“I’ve always been grossed out by the vagina,” my friend, a gold-star gay, deadpans as we survey the landmark group survey “Scientia Sexualis” at the Institute of Contemporary Art, Los Angeles. His rejection of female anatomy as objectively sexual is, in a sense, not far off from the point. Here, bodily organs, and the tools that poke and prod them, are recontextualized, freed from the patriarchal, heteronormative, cis-white frameworks that they are so often framed within. The result is an arresting confluence of paradoxical notions around sexuality, gender, science, medicine, and philosophy — it requires a double take.
There are works that are clinical and informed by the artists’ own lived experience, like Panteha Abareshi’s Medically Sanctioned Mutilation (2023), in which medical ephemera, including a magnifying glass and syringes, are assembled into a spiky sculpture that deals with disability and illness. And Xandra Ibarra’s Frankensteined contraption (made from discarded assistive devices like a wheelchair) that is punctured with flesh-like renderings of pierced nipples, titled Chest Rest (2020).
Then there are the figurative. Zoomed in, like Vesico Vaginal Fistula (2016) by KING COBRA (documented as Doreen Lynette Garner), in which a slab of black-silicone-coated foam bunches at a pearl-coated gap in the center with a lick of pink peeking out. Zoomed out, as in the golden nude bronze figure elegantly arched in a backbend and suspended from the ceiling in Louise Bourgeois’s Arch of Hysteria (1993). Or narrative: Nicole Eisenman’s vignette of a therapist’s office in The Session (2008).
Wangechi Mutu’s suite of collages, Histology of the Different Classes of Uterine Tumors (2006), hit close to home. I remember when I knew these clinical terms and conditions far too well as a nineteen-year-old battling ovarian cancer. My body: my enemy, my only hope, something to be studied, and something to be feared. My options, limited and left to the whim of a biopsy. My vagina, examined with a metal tool, with gloved hands, X-rays. While my situation was, as I was repeatedly told, a rare one, the way femme bodies are examined even in routine check-ups is more or less the same: a cavity to explore with foreign devices. Until then, I had never thought of my internal organs much, and my relationship to motherhood was a faraway concept, but in the months leading up to my operation, it was all others could ask me: Are you going to freeze your eggs? And after, can you still get pregnant? To be honest, I had bigger things on my mind; this issue of fertility felt too far off, too distant, to pose a threat. But at least I had the privilege of a choice.

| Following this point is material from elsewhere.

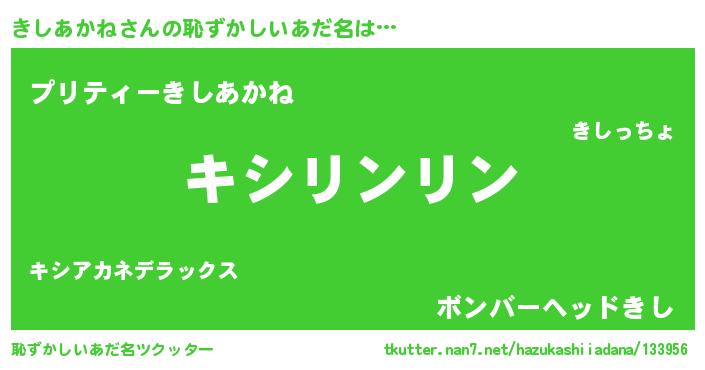 きしあかねさんの恥ずかしいあだ名は… 『キシリンリン』『プリティーきしあかね』『ボンバーヘッドきし』 ツクッター #恥ずかしいあだ名ツクッター http://tkutter.nan7.net/hazukashiiadana/133956/

Today may be nothing if not postmodern teetering on the post-apocalyptic, but what a woman’s body can and can’t do is still a topic limited to binaries and gendered notions of living. Conversations around our bodily functions, what they can and cannot do, how we are expected to perform, are omnipresent as abortion rights and gender-affirming care render such life-threatening for some. At ICA, the case is argued that while this conversation is pertinent, it doesn’t end here. Rather, it splinters off into a nervous system of visions and revisions of how the body has been and is understood.
Since the constitutional right to an abortion was repealed by the 2022 Dobbs v. Jackson Women’s Health Organization decision, limited access to gender-affirming care has followed suit. To break it into numbers: forty-one states have abortion restrictions in effect, thirteen states have total bans, and twenty-three states have banned or limited gender-affirming care for minors.
Why this preoccupation with gendered bodies and what they do? These man-made tools probe femme bodies to heal, reveal, and sometimes harm. Today, there is hardly time to theorize the subtext of such charged spaces like the doctor’s office. Rather, an astringent and urgent time is before us as America eradicates the sexual and reproductive rights of cisgender women and transgender people.
At “Scientia Sexualis,” the exhibition title itself lands at the crosshairs of the sensual and the clinical. It is lifted from Michel Foucault’s seminal book The History of Sexuality, Vol. 1 (1976), in which the nineteenth-century development of the clinical pursuit of a “uniform truth of sex” is outlined by the French philosopher.
To center Black, trans, and decolonial approaches to bodily autonomy is to reckon with painful histories of reproductive violence in America — of Black women, particularly in the mid-twentieth century, and of immigrant women in ICE detention centers today. We see it in Palestine as well, too, with the onslaught of attacks all but cutting off access to medical care and resources necessary for staying alive. Look closely and it is everywhere. Sex and gender, weaponized and brandished against us. Such concerns around what can and can’t be done to the gendered body have become a presidential talking point, a hot topic bloated with hot air that refuses to pop no matter how much we push up against it. At ICA, it feels as if, for a moment, a new way forward is emerging out of the annals the exhibition so brazenly deconstructs.